Ketiga pemain tersebut, masing-masing berposisi sebagai gelandang, bek kanan, dan penyerang, memiliki pengalaman bermain di akademi klub Eropa dan Amerika Selatan. Mereka dibekali teknik tinggi serta pemahaman taktik yang dipupuk sejak usia dini, sehingga dianggap mampu menambah variasi serangan serta stabilitas pertahanan tim.
Kurniawan menjelaskan alasan di balik pilihan tersebut: “Kami ingin memanfaatkan potensi diaspora yang sudah terbiasa dengan standar kompetisi internasional. Mereka tidak hanya membawa kualitas individu, tetapi juga mentalitas profesional yang dapat menular ke rekan-rekan satu tim.”
Pemilihan tiga pemain diaspora menjadi sorotan utama media dan penggemar.

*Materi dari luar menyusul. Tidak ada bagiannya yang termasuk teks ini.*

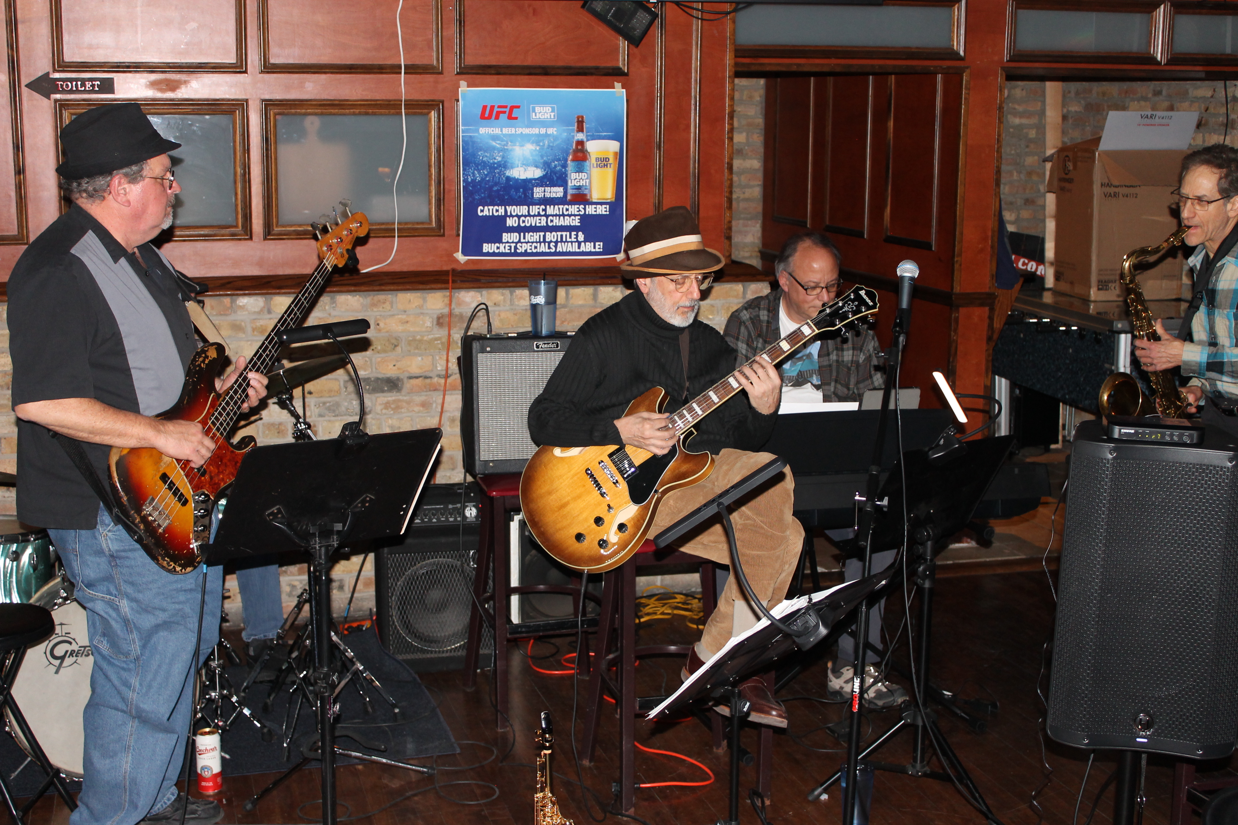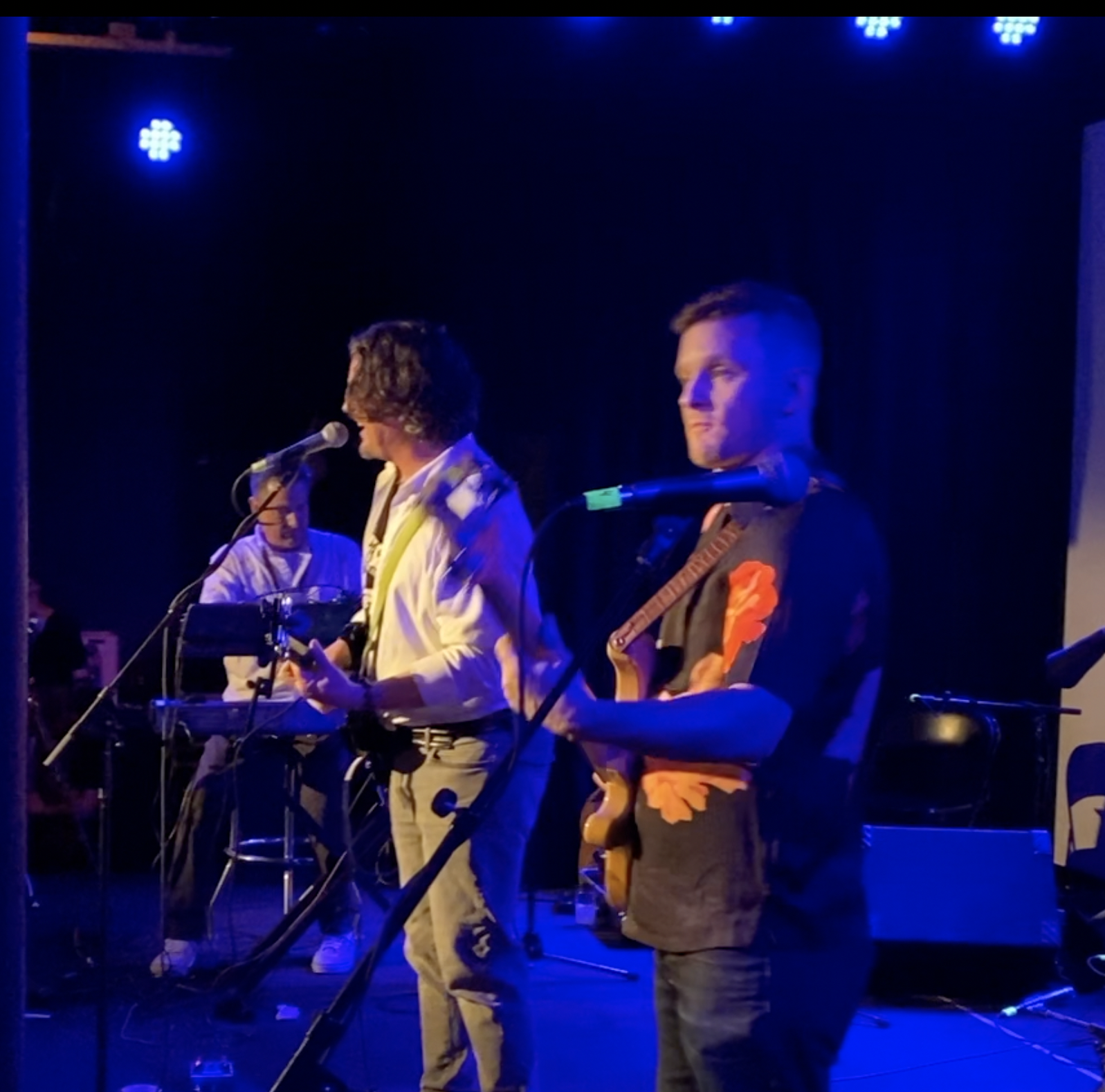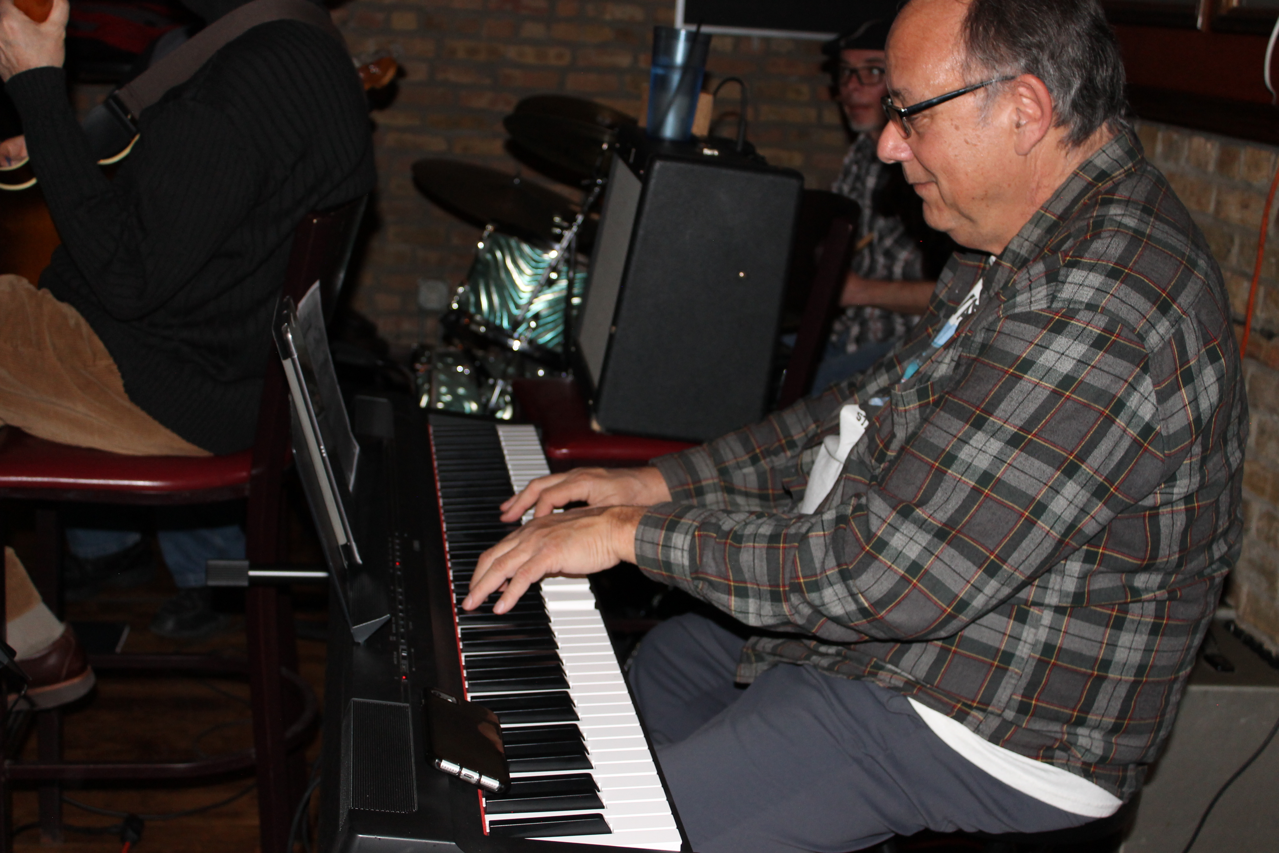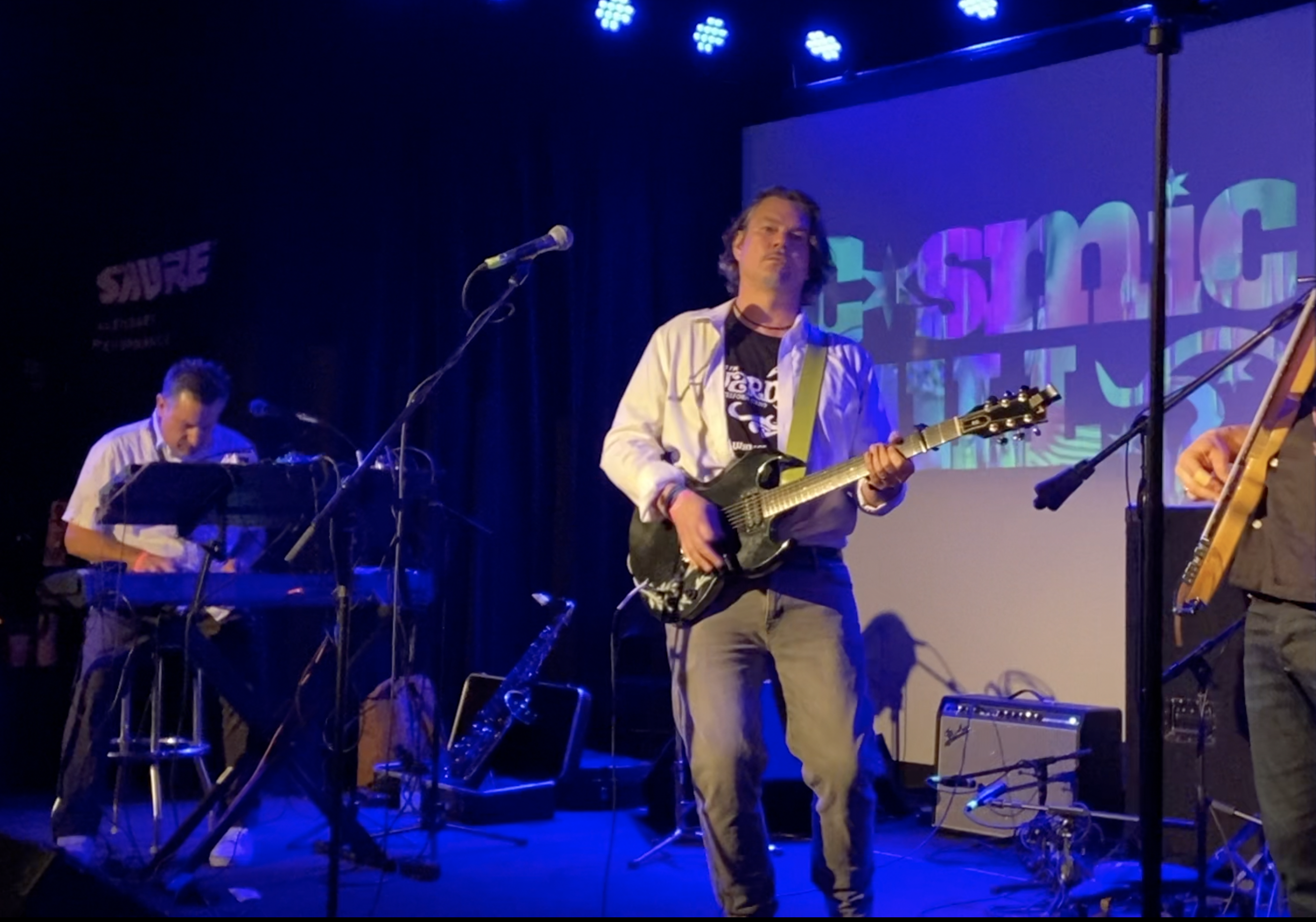 Jim Dinou on keyboard (also saxophone) Mark Vickery, singer/songwriter, and Patrick Dinnen on guitar. All are in the band Cosmic Bull.

Banyak yang menilai langkah ini sebagai upaya memperluas basis pencarian bakat, mengingat keberagaman latar belakang dapat memperkaya taktik dan strategi tim nasional.
Dalam pertandingan pertama, ketiga pemain diaspora menunjukkan performa yang konsisten. Gelandang mengatur alur serangan, bek kanan berhasil menutup ruang lawan secara efektif, dan penyerang menciptakan peluang berbahaya yang akhirnya menghasilkan gol penyeimbang di menit ke-68. Hasil akhir pertandingan berakhir imbang 1-1, namun pelatih menilai penampilan tersebut sudah cukup memuaskan untuk pertandingan selanjutnya.
Keberhasilan debut mereka diharapkan dapat membuka peluang lebih luas bagi pemain keturunan Indonesia yang berkompetisi di luar negeri. Jika berhasil, strategi ini dapat menjadi model bagi timnas senior dalam memanfaatkan diaspora sebagai sumber daya tambahan.